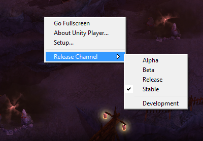 即發(fā)布的web player版本通道。這是Unity4.0之后提出的新的Unity Web Player運(yùn)行機(jī)制。用戶可以通過(guò)手動(dòng)更改來(lái)選擇運(yùn)行游戲的web player版本。目前4.1.2提供了四個(gè)版本通道,即上圖中的“Stable”、“Release”、“Alpha”和“Beta”。默認(rèn)情況下,web player使用的是“Stable”通道。
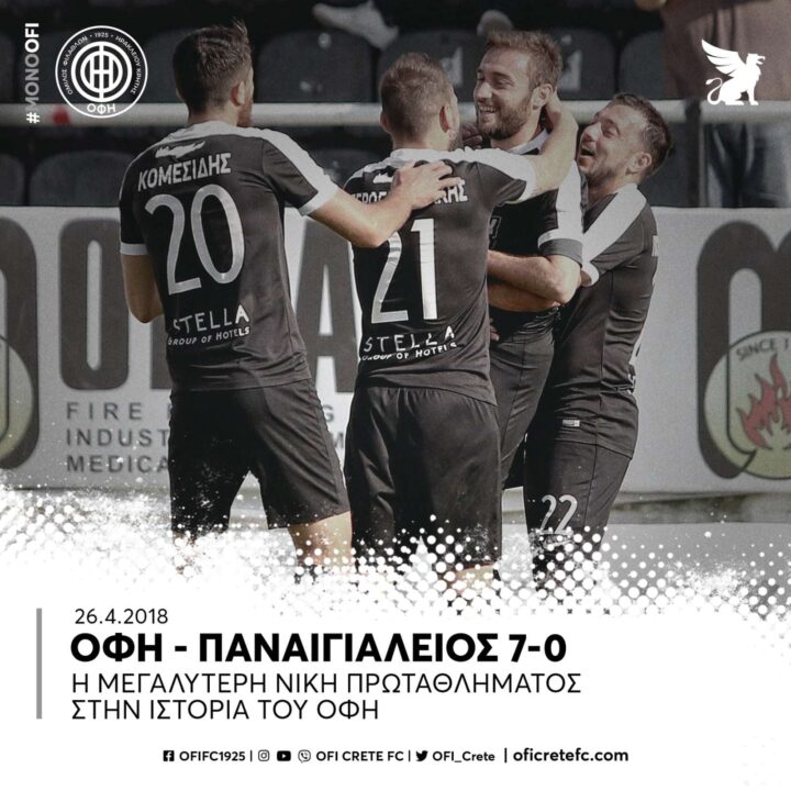 Με τον Νίκο Παπαδόπουλο στον πάγκο του, ο ΟΦΗ είχε πανηγυρίσει την μεγαλύτερη σε εύρος νίκη της ιστορίας του μέχρι σήμερα σε αγώνα πρωταθλήματος, όταν στις 26 Απριλίου του 2018, επιβλήθηκε με το εντυπωσιακό 7-0 του Παναιγιάλειου και ουσιαστικά κλείδωσε την άνοδο του στην Σούπερ Λίγκ.
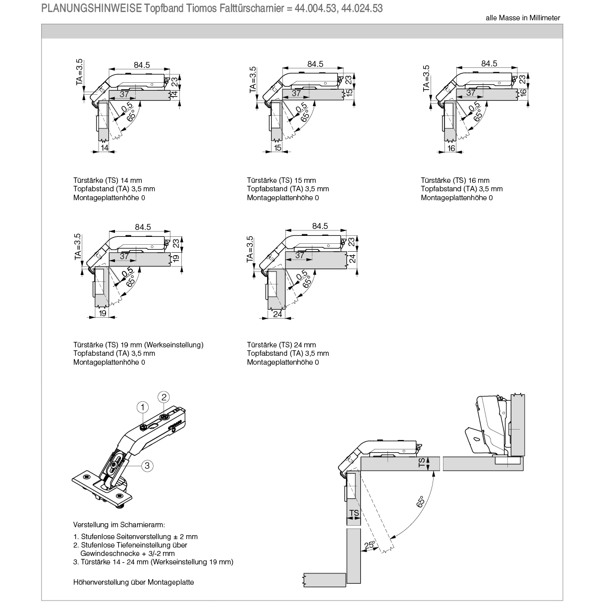 Topfband GRASS® Tiomos 65° Click-on, Falttürscharnier, Bohrbild 45 / 9,5
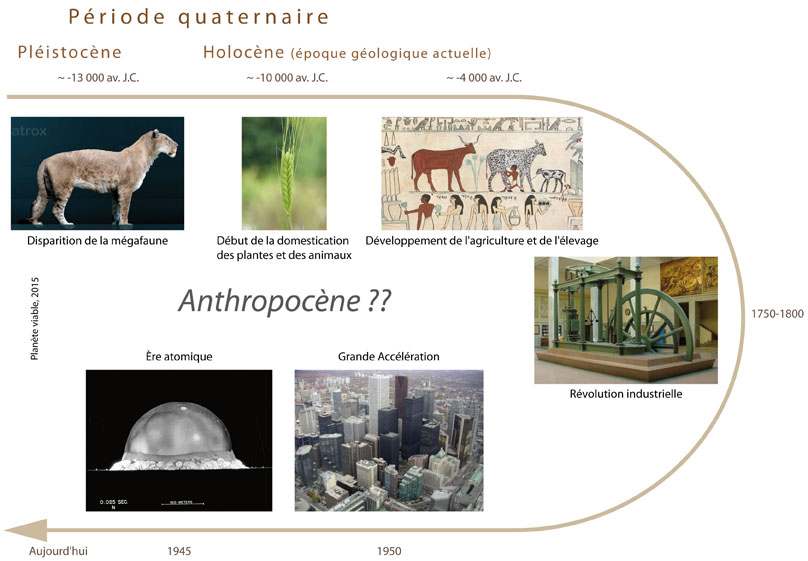 Récemment, l’avènement des essais d’explosion de bombes atomiques (premier essai au Mexique le 16 juillet 1945, voir photo) a été proposé comme origine de l’Anthropocène car les radionucléides laissent une trace caractéristique et facilement identifiable dans les couches stratigraphiques [4,5]. À l’opposé si l’on peut dire, certains experts pensent plutôt que l’Anthropocène a commencé dès le début du développement d’Homo sapiens sur la planète, alors qu’il amorçait la domestication des plantes et des animaux, de sorte que le terme Holocène, notre époque géologique actuelle, pourrait purement et simplement être remplacé par Anthropocène [6].
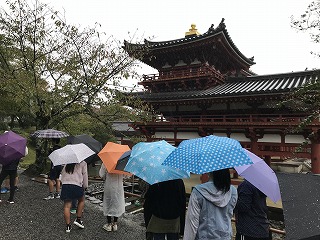 10月25日(金)6年生が校外学習へ行きました。この日は、雨が降るあいにくの天気でしたが、子どもたちは元気いっぱい校外学習を楽しみました。行った先は、平等院鳳凰堂、銀閣寺、金閣寺です。たいへん観光客も多い中でしたが、子どもたちは、社会の学習に合わせて、しっかり見学することができました。この体験を今後の学習に生かしてほしいと思っています。
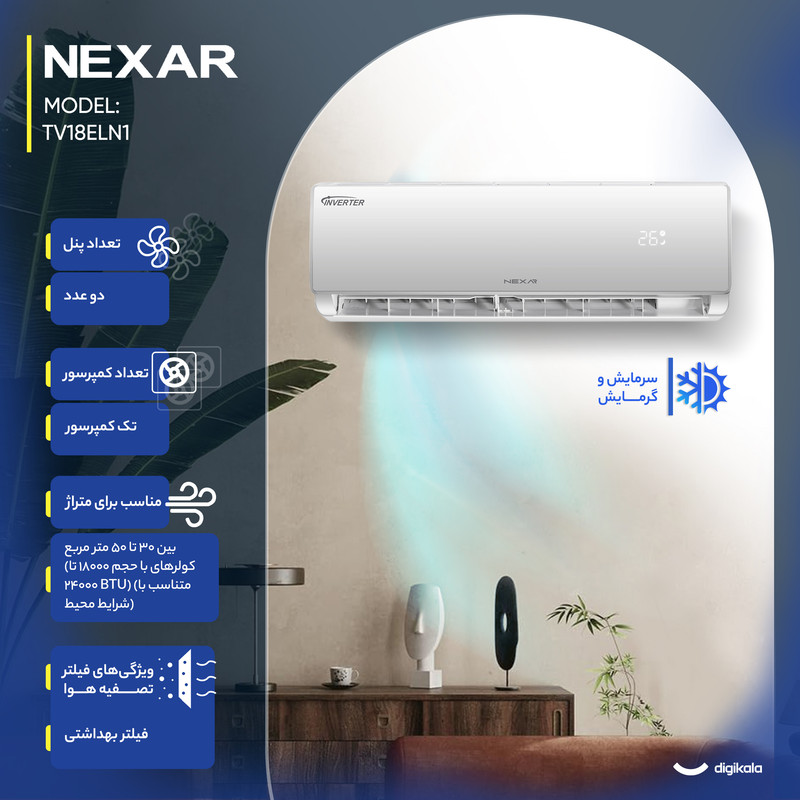 کولر گازی اسپلیت دیواری (Split) 18000 اینورتر نکسار مدل TV18ELN1
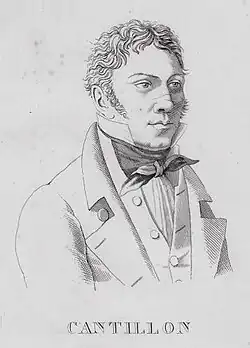 Cantillon was a distant relative of the French-Irish economist Richard Cantillon (d. 1734) and descended from the same Ballyheigue, County Kerry, branch of the family.[1] Cantillon was born in Paris, to a model maker, in 1781/82 and worked in the jewellery trade.[2][3] He was conscripted into the cavalry of the French Army and rose to become a non-commissioned officer and then sous-lieutenant (sub-lieutenant) in the hussars.[4][1][5] He served in the 1st Hussars during the War of the Fifth Coalition and an 1858 account by William Stirling Maxwell has him attempting to kill the regiment's colonel for a perceived affront, after which he was pardoned by Napoleon for his bravery in battle.[3] The same account states Cantillon afterwards joined the Chasseurs à Cheval de la Garde Impériale, retiring on a pension in 1813 before re-joining Napoleon for the Hundred Days. After the peace of 1815 he is said to have split his time between Brussels and Paris, with trips to Coblenz and Cologne. Cantillon is said to have been known for his fierce Bonapartism and hatred of the English.[6]
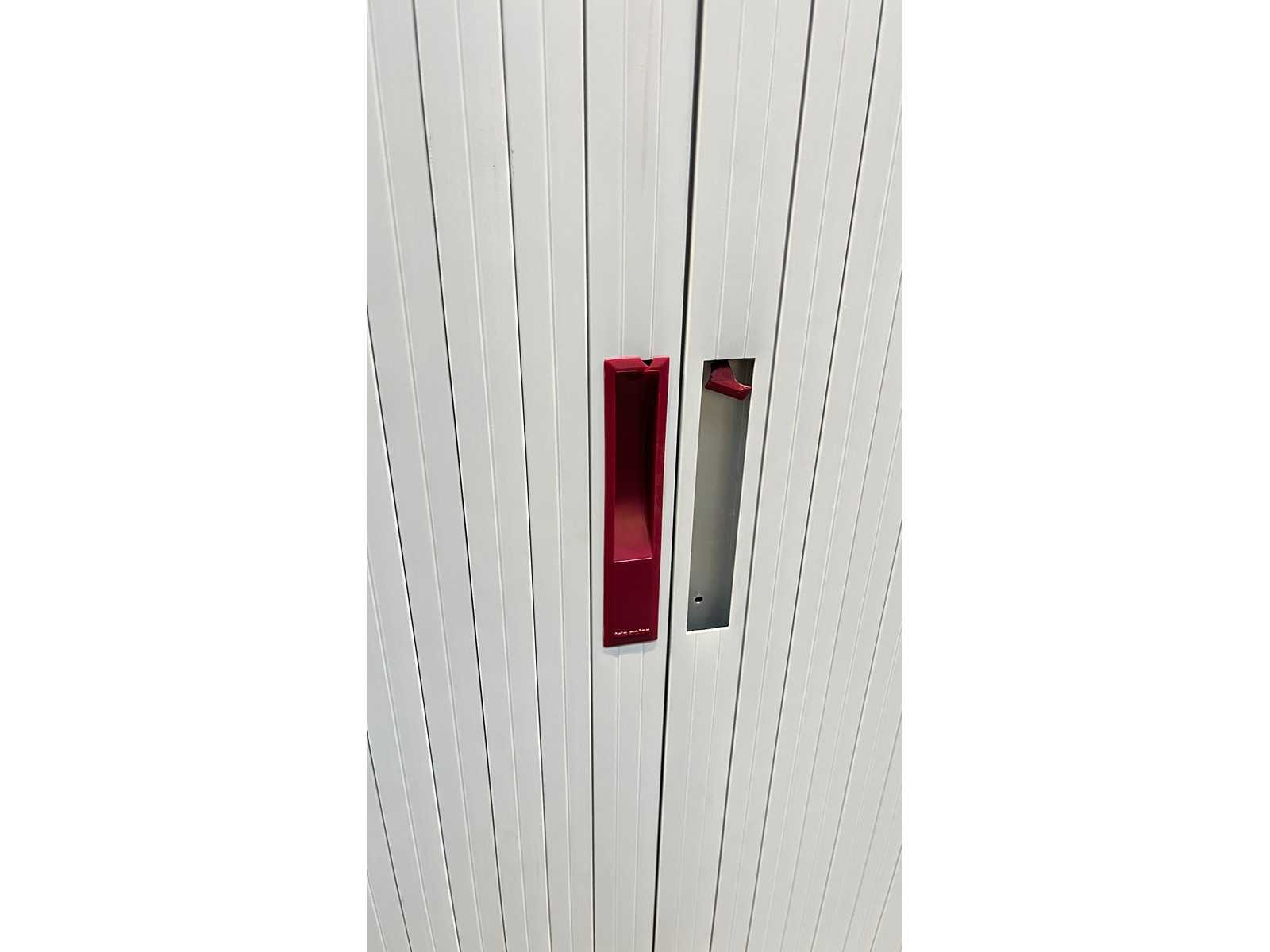 Hore roldeurkast merk TDS actior, kleur frame bordeux, kleur deuren zeer licht grijs, met 4 legplanken , sleutel is niet gegarandeerd Nee Merk: TDS Actior Type: roldeurkast Kleur: Bordeaux Gewicht: 60kg Breedte: 120cm Hoogte: 197cm Materiaal: metaal/kunststof Diepte: 43cm
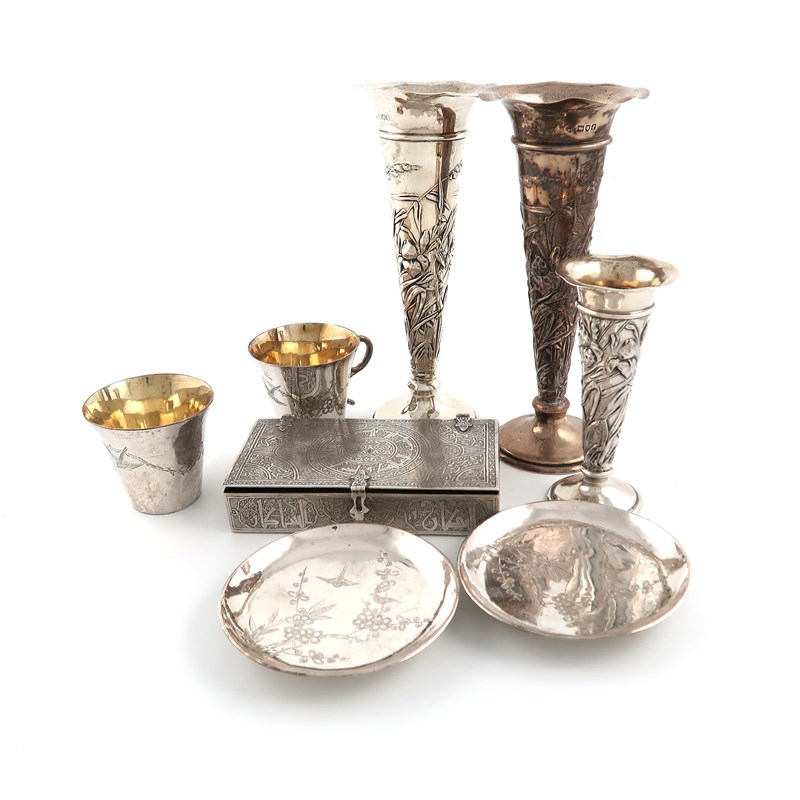 compromising: an Egyptian silver trinket box, Al-Mansura 1932, a pair of Chinese silver cups and saucers, with gilded interiors, three trumpet vases by William Comyns & Sons, London varying dates, with embossed foliate decoration, approx. weighable 20.6oz. (8)
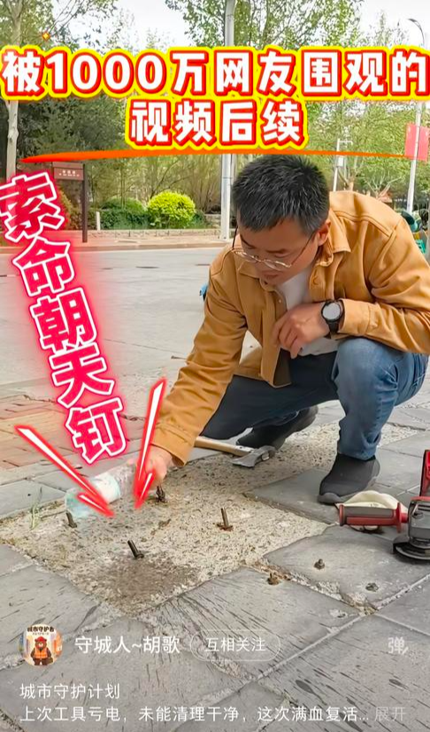 在聊城,胡先生的觉醒同样始于切肤之痛。三件事推着他走向街头:车胎被扎、自己差点绊倒,以及3岁女儿眉头被磕伤。而最后那下“推力”,是网上偶然刷到的视频——“原来清理路面钉子,普通人也能干。”
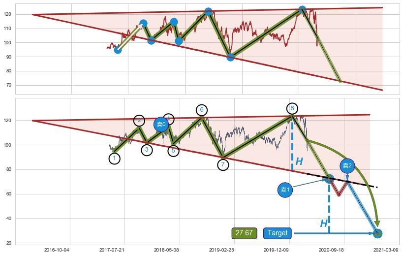 ➢ 最小反转跌幅→𝐇: 44.83 (逐步抬高阻力斜边最后的阻力点⑧与支撑边垂直距离)

## Your instructions
Restate the full listing verbatim and drop every picture.

## Answer to the exercise
 即發(fā)布的web player版本通道。這是Unity4.0之后提出的新的Unity Web Player運(yùn)行機(jī)制。用戶可以通過(guò)手動(dòng)更改來(lái)選擇運(yùn)行游戲的web player版本。目前4.1.2提供了四個(gè)版本通道,即上圖中的“Stable”、“Release”、“Alpha”和“Beta”。默認(rèn)情況下,web player使用的是“Stable”通道。
 Με τον Νίκο Παπαδόπουλο στον πάγκο του, ο ΟΦΗ είχε πανηγυρίσει την μεγαλύτερη σε εύρος νίκη της ιστορίας του μέχρι σήμερα σε αγώνα πρωταθλήματος, όταν στις 26 Απριλίου του 2018, επιβλήθηκε με το εντυπωσιακό 7-0 του Παναιγιάλειου και ουσιαστικά κλείδωσε την άνοδο του στην Σούπερ Λίγκ.
 Topfband GRASS® Tiomos 65° Click-on, Falttürscharnier, Bohrbild 45 / 9,5
 Récemment, l’avènement des essais d’explosion de bombes atomiques (premier essai au Mexique le 16 juillet 1945, voir photo) a été proposé comme origine de l’Anthropocène car les radionucléides laissent une trace caractéristique et facilement identifiable dans les couches stratigraphiques [4,5]. À l’opposé si l’on peut dire, certains experts pensent plutôt que l’Anthropocène a commencé dès le début du développement d’Homo sapiens sur la planète, alors qu’il amorçait la domestication des plantes et des animaux, de sorte que le terme Holocène, notre époque géologique actuelle, pourrait purement et simplement être remplacé par Anthropocène [6].
 10月25日(金)6年生が校外学習へ行きました。この日は、雨が降るあいにくの天気でしたが、子どもたちは元気いっぱい校外学習を楽しみました。行った先は、平等院鳳凰堂、銀閣寺、金閣寺です。たいへん観光客も多い中でしたが、子どもたちは、社会の学習に合わせて、しっかり見学することができました。この体験を今後の学習に生かしてほしいと思っています。
 کولر گازی اسپلیت دیواری (Split) 18000 اینورتر نکسار مدل TV18ELN1
 Cantillon was a distant relative of the French-Irish economist Richard Cantillon (d. 1734) and descended from the same Ballyheigue, County Kerry, branch of the family.[1] Cantillon was born in Paris, to a model maker, in 1781/82 and worked in the jewellery trade.[2][3] He was conscripted into the cavalry of the French Army and rose to become a non-commissioned officer and then sous-lieutenant (sub-lieutenant) in the hussars.[4][1][5] He served in the 1st Hussars during the War of the Fifth Coalition and an 1858 account by William Stirling Maxwell has him attempting to kill the regiment's colonel for a perceived affront, after which he was pardoned by Napoleon for his bravery in battle.[3] The same account states Cantillon afterwards joined the Chasseurs à Cheval de la Garde Impériale, retiring on a pension in 1813 before re-joining Napoleon for the Hundred Days. After the peace of 1815 he is said to have split his time between Brussels and Paris, with trips to Coblenz and Cologne. Cantillon is said to have been known for his fierce Bonapartism and hatred of the English.[6]
 Hore roldeurkast merk TDS actior, kleur frame bordeux, kleur deuren zeer licht grijs, met 4 legplanken , sleutel is niet gegarandeerd Nee Merk: TDS Actior Type: roldeurkast Kleur: Bordeaux Gewicht: 60kg Breedte: 120cm Hoogte: 197cm Materiaal: metaal/kunststof Diepte: 43cm
 compromising: an Egyptian silver trinket box, Al-Mansura 1932, a pair of Chinese silver cups and saucers, with gilded interiors, three trumpet vases by William Comyns & Sons, London varying dates, with embossed foliate decoration, approx. weighable 20.6oz. (8)
 在聊城,胡先生的觉醒同样始于切肤之痛。三件事推着他走向街头:车胎被扎、自己差点绊倒,以及3岁女儿眉头被磕伤。而最后那下“推力”,是网上偶然刷到的视频——“原来清理路面钉子,普通人也能干。”
 ➢ 最小反转跌幅→𝐇: 44.83 (逐步抬高阻力斜边最后的阻力点⑧与支撑边垂直距离)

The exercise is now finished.